Setting Up a Powerful PostgreSQL Environment for AI and LLM's: Installing TimescaleDB, pgvector, and pgAI
In this blog post, we'll walk through the process of setting up a robust PostgreSQL environment on a Linux server. We'll cover the installation of PostgreSQL, TimescaleDB, pgvector, and pgAI. This combination provides a powerful database setup capable of handling time-series data, vector operations, and AI-powered functionality.
Why TimescaleDB and pgvector instead of Pinecone?
Before we dive into the installation process, let's discuss why you might choose TimescaleDB with pgvector over alternatives like Pinecone.
TimescaleDB: Time-Series Superpowers
1. Seamless PostgreSQL Integration: TimescaleDB is an extension of PostgreSQL, allowing you to leverage the full power of PostgreSQL while gaining specialized time-series capabilities.
2. Scalability: TimescaleDB is designed to handle large volumes of time-series data efficiently, with features like automatic partitioning and query optimization.
3. SQL Interface: Unlike some specialized time-series databases, TimescaleDB uses standard SQL, making it easier for teams already familiar with PostgreSQL.
4. Continuous Aggregates: TimescaleDB offers automatic, real-time aggregations of time-series data, reducing query times for common analytical operations.
pgvector: Versatile Vector Operations
1. Integrated Vector Search: pgvector adds vector similarity search capabilities directly to PostgreSQL, allowing you to perform vector operations alongside traditional relational data.
2. Cost-Effective: As part of your PostgreSQL database, pgvector doesn't require a separate service or additional infrastructure, potentially reducing costs.
3. Flexibility: You can combine vector searches with standard SQL queries, enabling complex operations that blend structured and unstructured data.
Comparison with Pinecone
While Pinecone is a powerful, purpose-built vector database, the combination of TimescaleDB and pgvector offers some unique advantages:
1. All-in-One Solution: With TimescaleDB and pgvector, you get time-series capabilities, vector operations, and traditional relational database features in a single system. Pinecone focuses solely on vector operations.
2. Data Consistency: Keeping your vector data alongside your relational data ensures consistency and simplifies transactions.
3. Cost Control: As part of your PostgreSQL setup, you have more control over infrastructure costs compared to a separate managed service.
4. Learning Curve: If your team is already familiar with PostgreSQL, the learning curve for TimescaleDB and pgvector will be gentler than adopting a completely new system.
5. Customization: Being open-source and part of the PostgreSQL ecosystem, TimescaleDB and pgvector offer more opportunities for customization and integration with other tools.

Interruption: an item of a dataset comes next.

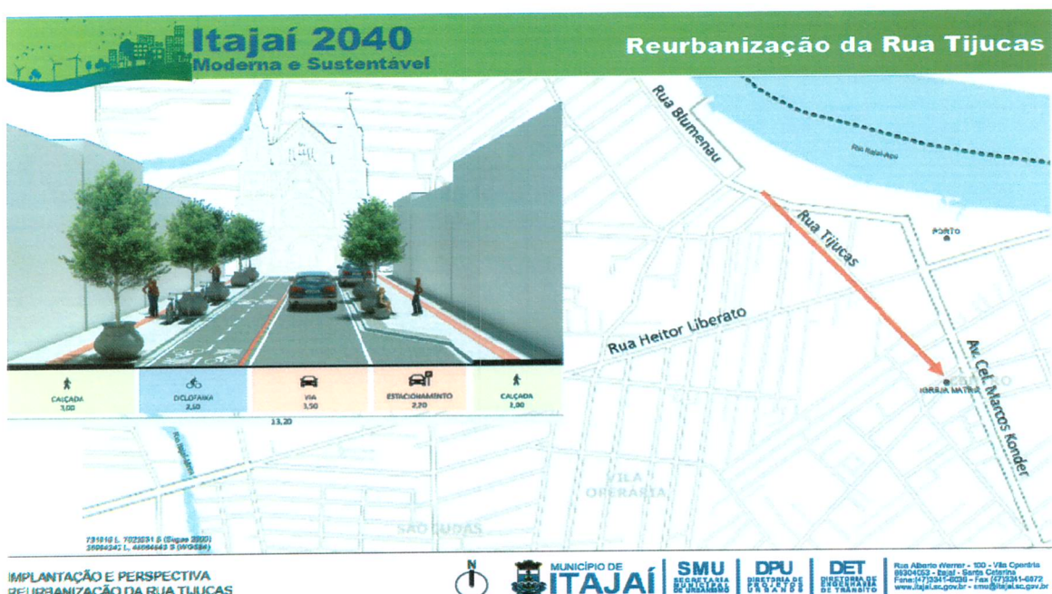
Fig 04- Imagem da reurbanização da Rua Tijucas, com ilustração de como será a implantação.

However, it's worth noting that Pinecone may offer advantages in certain scenarios:
• If you need a fully managed, specialized vector database service.
• For extremely large-scale vector search operations where Pinecone's distributed architecture might outperform.
• When you don't need the additional features of a full relational database or time-series capabilities.
Ultimately, the choice between TimescaleDB with pgvector and alternatives like Pinecone depends on your specific use case, existing infrastructure, and team expertise. The setup we're about to walk through provides a versatile, powerful, and cost-effective solution for many scenarios requiring both time-series and vector capabilities.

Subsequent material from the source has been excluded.